Juba Air Cargo
| IATA | ICAO | Call sign |
| - | JUC | JUBACARGO |
- Founded: 1996
- Ceased operations: 2008
- Hubs: Khartoum International Airport
- Headquarters: Khartoum, Sudan

= Juba Air Cargo =

Juba Air Cargo was a cargo airline based in Khartoum, Sudan. It was established in 1996 and operated domestic cargo services. Its main base was at Khartoum International Airport. In 2008 the airline ceased all operations.

==History==
The airline has been operating since 1997 from its Khartoum base and another in Sharjah and is headed by Bahaa Amin Akaska. Organised in 2000 as a member of the JAMA Group alliance with Attico, Airwest and Marsland.

==Services==
Juba Air Cargo operated cargo services to the following destinations:
Khartoum, Juba, Waw and Malakal.

==Accidents==
- On 8 November 2007 Juba Air Cargo lost the aircraft ST-JUA in an accident at Khartoum International Airport. The An-12 cargo plane took off from Khartoum (KRT) around 08:00 in the morning, carrying 11 tons of cargo. One engine failed shortly after takeoff, according to the president of Juba Air Cargo, due to bird strike. The airplane returned to land, but crash-landed on the military part of the airport. 2 soldiers were killed on the ground. The airplane caught fire but the 4 crew members, 3 Russians and a Sudanese escaped.
- On June 27, 2008, a cargo plane crashed mid-flight, killing 7 crew members, including 5 foreigners. Civil Aviation Authority spokesman Abdel Hafiz told AFP that the Juba Cargo company plane crashed an hour and 10 minutes after takeoff from Khartoum, bound for the Juba—capital of South Sudan, apparently owing to bad weather.

"One person survived out of eight (crew members), a Sudanese. Two Sudanese were among the dead (along with) four from Ukraine and one from Armenia,"

The plane took off at 5:55 am (0255 GMT) and came down north of Malakal, the capital of Upper Nile State.

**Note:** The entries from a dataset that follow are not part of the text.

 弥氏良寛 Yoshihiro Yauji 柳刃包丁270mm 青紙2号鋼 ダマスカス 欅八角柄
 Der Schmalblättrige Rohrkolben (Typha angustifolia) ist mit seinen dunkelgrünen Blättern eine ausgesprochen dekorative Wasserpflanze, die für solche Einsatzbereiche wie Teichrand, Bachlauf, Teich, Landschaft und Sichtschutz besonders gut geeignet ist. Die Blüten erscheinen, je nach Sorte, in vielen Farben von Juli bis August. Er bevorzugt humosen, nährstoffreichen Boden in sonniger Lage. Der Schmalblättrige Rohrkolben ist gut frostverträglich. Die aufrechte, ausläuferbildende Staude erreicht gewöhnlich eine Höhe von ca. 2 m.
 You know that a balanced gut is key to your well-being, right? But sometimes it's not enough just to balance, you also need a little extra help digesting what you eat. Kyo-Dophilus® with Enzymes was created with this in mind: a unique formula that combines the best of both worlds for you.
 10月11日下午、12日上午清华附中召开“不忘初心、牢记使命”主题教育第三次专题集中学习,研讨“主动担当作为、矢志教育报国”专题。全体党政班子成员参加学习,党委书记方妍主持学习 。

"A thunderstorm hit the plane, as the survivor said. This apparently is the cause. The survivor is not injured, but was taken to hospital (for a check-up).

The dead were evacuated and flown back to a Khartoum hospital morgue, where police told bereaved relatives that they could not claim the bodies until Saturday, said an AFP photographer.

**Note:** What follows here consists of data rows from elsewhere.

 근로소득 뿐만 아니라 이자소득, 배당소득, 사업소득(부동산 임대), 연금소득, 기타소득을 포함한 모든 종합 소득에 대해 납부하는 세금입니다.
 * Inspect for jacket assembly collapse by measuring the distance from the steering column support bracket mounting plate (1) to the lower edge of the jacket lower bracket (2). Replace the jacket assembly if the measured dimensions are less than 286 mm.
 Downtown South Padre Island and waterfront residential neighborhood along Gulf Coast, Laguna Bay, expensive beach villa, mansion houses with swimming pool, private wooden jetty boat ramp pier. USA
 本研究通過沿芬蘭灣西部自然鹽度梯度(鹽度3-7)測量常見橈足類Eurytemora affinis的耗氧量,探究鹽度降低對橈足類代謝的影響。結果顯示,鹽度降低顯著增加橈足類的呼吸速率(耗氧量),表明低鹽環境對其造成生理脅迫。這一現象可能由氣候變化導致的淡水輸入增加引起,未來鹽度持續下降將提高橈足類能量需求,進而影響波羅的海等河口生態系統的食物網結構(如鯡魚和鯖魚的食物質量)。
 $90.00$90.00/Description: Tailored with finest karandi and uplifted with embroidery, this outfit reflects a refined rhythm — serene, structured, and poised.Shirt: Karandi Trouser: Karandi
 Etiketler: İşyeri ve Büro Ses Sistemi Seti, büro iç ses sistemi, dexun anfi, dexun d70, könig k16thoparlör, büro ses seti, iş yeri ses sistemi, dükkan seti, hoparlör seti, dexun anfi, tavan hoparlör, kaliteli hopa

The Sudan Media Centre (SMC) website, which is considered close to the intelligence services, said the Antonov 12 had only recently returned to Sudan after undergoing major maintenance in the United Arab Emirates.

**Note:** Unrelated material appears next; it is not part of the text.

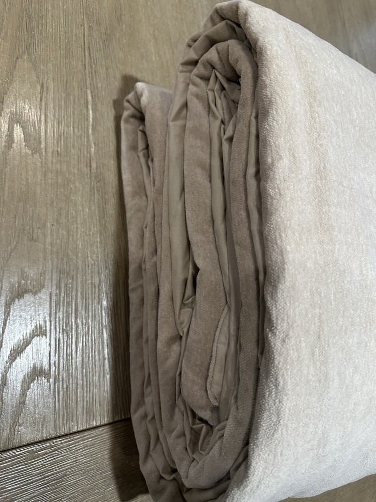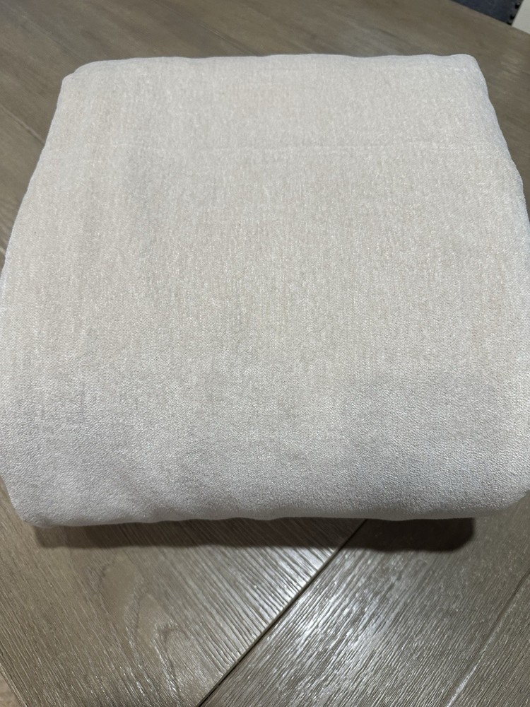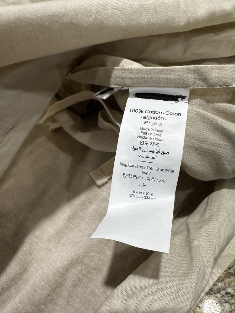 new out of package. attached tags are marked out as shown in the photo's. has a few lines in the fabric located at the bottom right corner. see last picture. they are VERY faint, so if you can't see anything, there isn't much to see. POTTERY BARN Cozy Cloud Duvet Cover color is Oatmeal size is King /Cal King
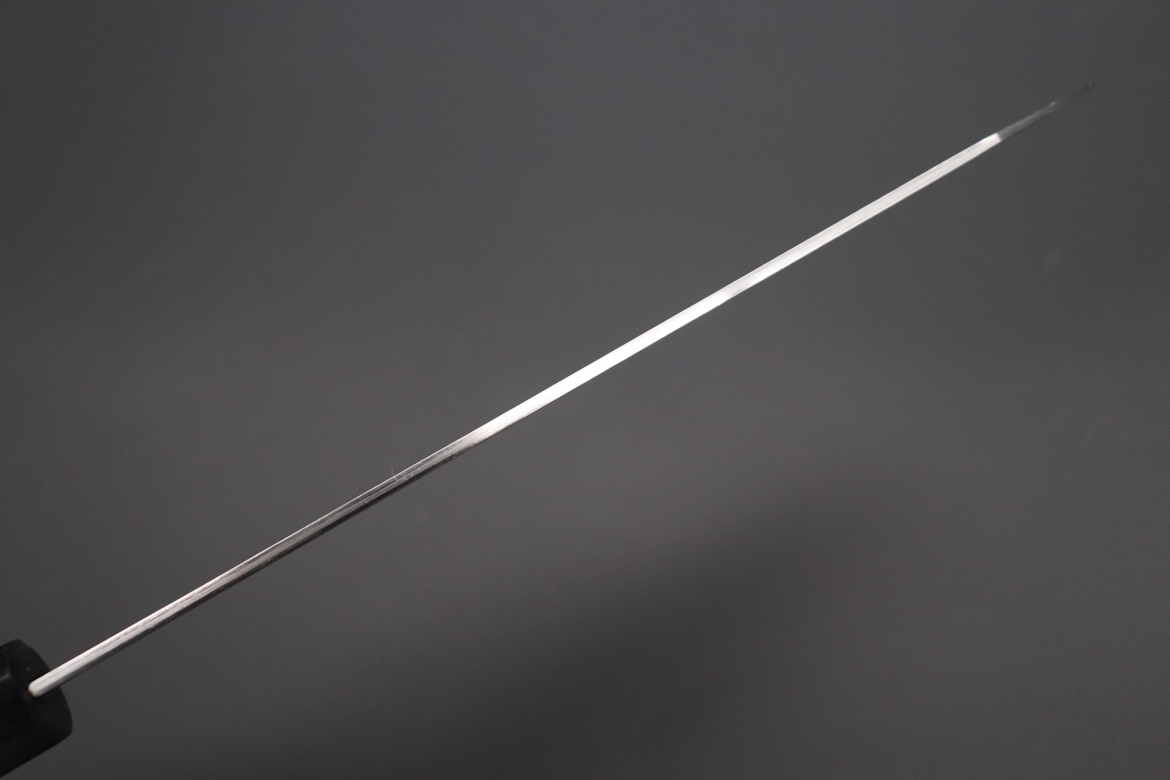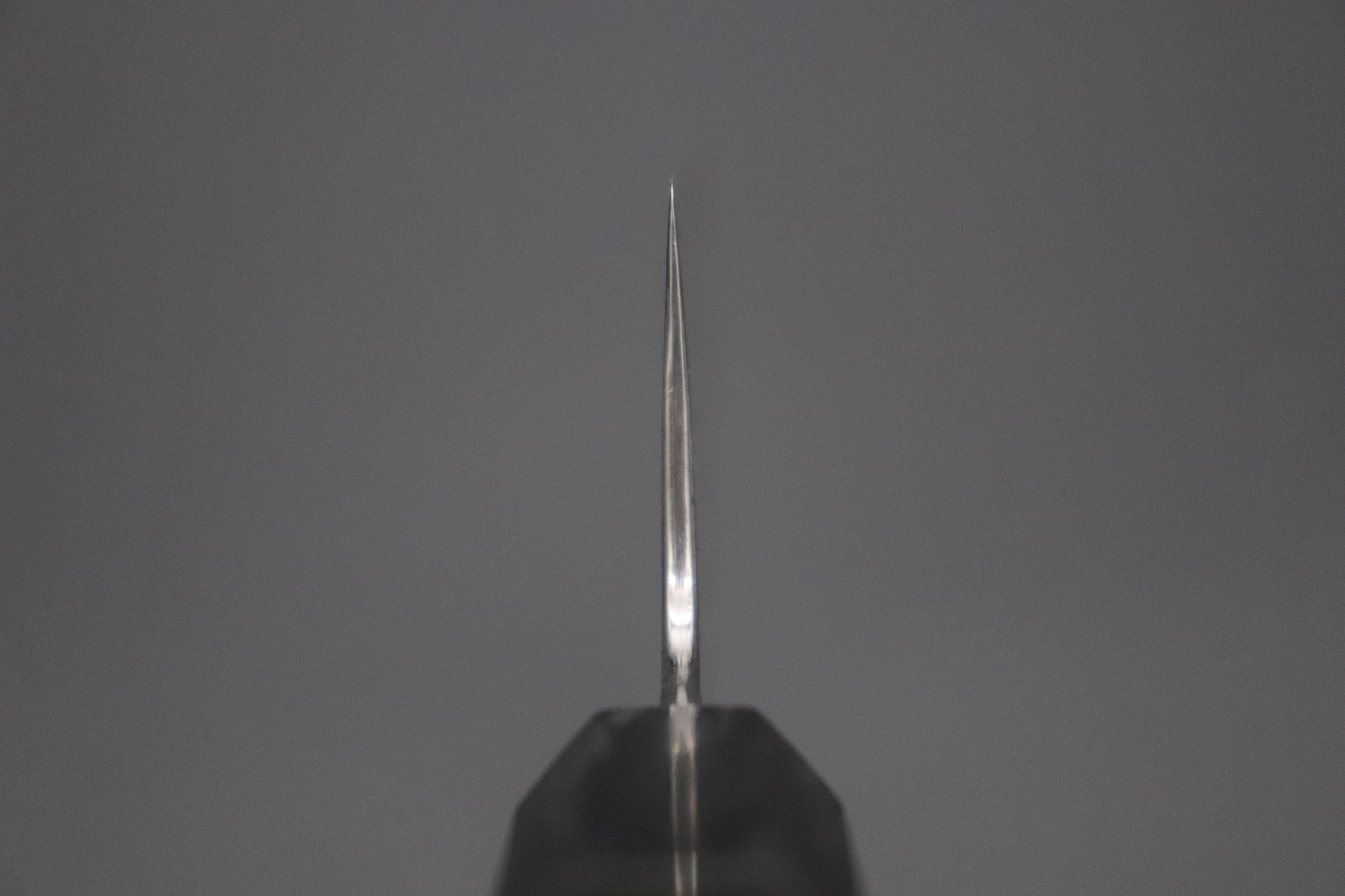 Sukenari’s knowledge of traditional forging processes and their extensive experience with modern, high performance, steels proved to be invaluable while perfecting these new HAP-40 knives. Master Hanaki, Sukenari’s innovative and energetic knife maker and Master forge-smith, has successfully managed to extract the best cutting performance and edge retention from these HAP-40 knives (HRc. 68). They are perfect for customers who love testing exotic hi-tech steels, or those who appreciate knives with outstanding cutting performance and edge retention.

It confirmed that one Armenian, four Ukrainians, the Sudanese pilot and another Sudanese were killed, and quoted the survivor—an air operations officer—as saying that the plane was hit twice by lightning.

An hour and 10 minutes after takeoff, the pilot contacted the control tower of Khartoum airport and requested permission to fly at a lower altitude because of poor weather conditions, but then suddenly communication was lost, SMC said.

==Fleet==
As of June 28, 2008, the Juba Air Cargo fleet became zero after the crash of its last remaining AN-12.